The ITAT upheld the Ld. CIT(A)'s decision, confirming the addition under Section 40A(3) for cash expenditure and denial of carry forward of the loss due to late filing. The appeal was dismissed, and the order was pronounced on 10/01/2022.
Issues: 1. Appeal against the order passed by the Ld. Commissioner of Income Tax (Appeals), Gandhinagar, Ahmedabad, relating to Assessment Year 2013-14. 2. Disallowance of expenditure made in cash exceeding the limit specified in Section 40A(3) of the Income Tax Act. 3. Addition made on account of preliminary expenses and denial of carry forward of the loss.
Issue 1: Appeal against CIT(A) Order The appeal was filed by the assessee against the order passed by the Ld. Commissioner of Income Tax (Appeals), Gandhinagar, Ahmedabad, for Assessment Year 2013-14. The assessee did not appear during the hearings, leading to the appeal being heard ex-parte.
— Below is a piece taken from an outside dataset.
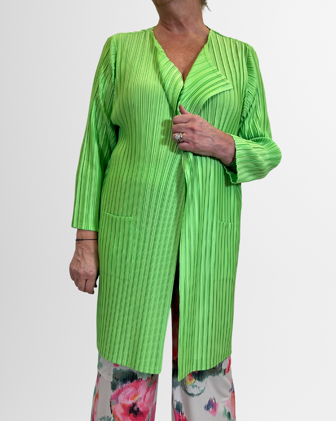 Giacca aperta con tasche e motivo plissettato. Manica lunga, elegante e versatile per un look raffinato e grintoso
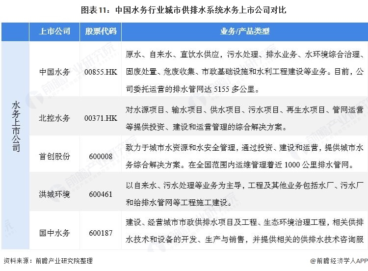 水務(wù)行業(yè)主要上市公司:目前水務(wù)行業(yè)的上市公司主要有中國(guó)水務(wù)(00855.HK)、北控水務(wù)(00371.HK)、首創(chuàng)股份(600008)、洪城環(huán)境(600461)等。

The grounds raised by the assessee included issues related to the order being passed against the principles of natural justice, addition under Section 40A(3) of the Act, and addition on account of preliminary expenses.
Issue 2: Disallowance under Section 40A(3) The Ld. CIT(A) confirmed the addition of Rs. 4,66,000 made under Section 40A(3) of the Act. The assessee had purchased land in cash, justifying it by stating that the sellers insisted on cash payments due to lack of banking facilities. However, the assessee failed to provide documentary evidence or details of the sellers' names and addresses. The Ld. CIT(A) upheld the disallowance, citing the lack of substantiation and reliance on a previous ITAT decision. The ITAT upheld the Ld. CIT(A)'s decision, stating that the assessee did not qualify for exemption from Section 40A(3) requirements.
Issue 3: Addition of Preliminary Expenses The Ld. CIT(A) disallowed a claim of Rs. 6,44,785 as preliminary expenses, not due to being preliminary expenses, but because it resulted in a loss that the assessee was not entitled to carry forward. The return of income was filed beyond the due date, leading to the denial of carrying forward the loss. The ITAT upheld the Ld. CIT(A)'s decision, emphasizing the statutory provisions of law and the consequences of filing returns after the prescribed time. The denial of carry forward of the loss was upheld, and the appeal by the assessee was dismissed.
In conclusion, the ITAT upheld the Ld. CIT(A)'s decision on both issues, confirming the addition under Section 40A(3) and the denial of carry forward of the loss due to filing the return beyond the due date. The appeal by the assessee was dismissed, and the order was pronounced on 10/01/2022.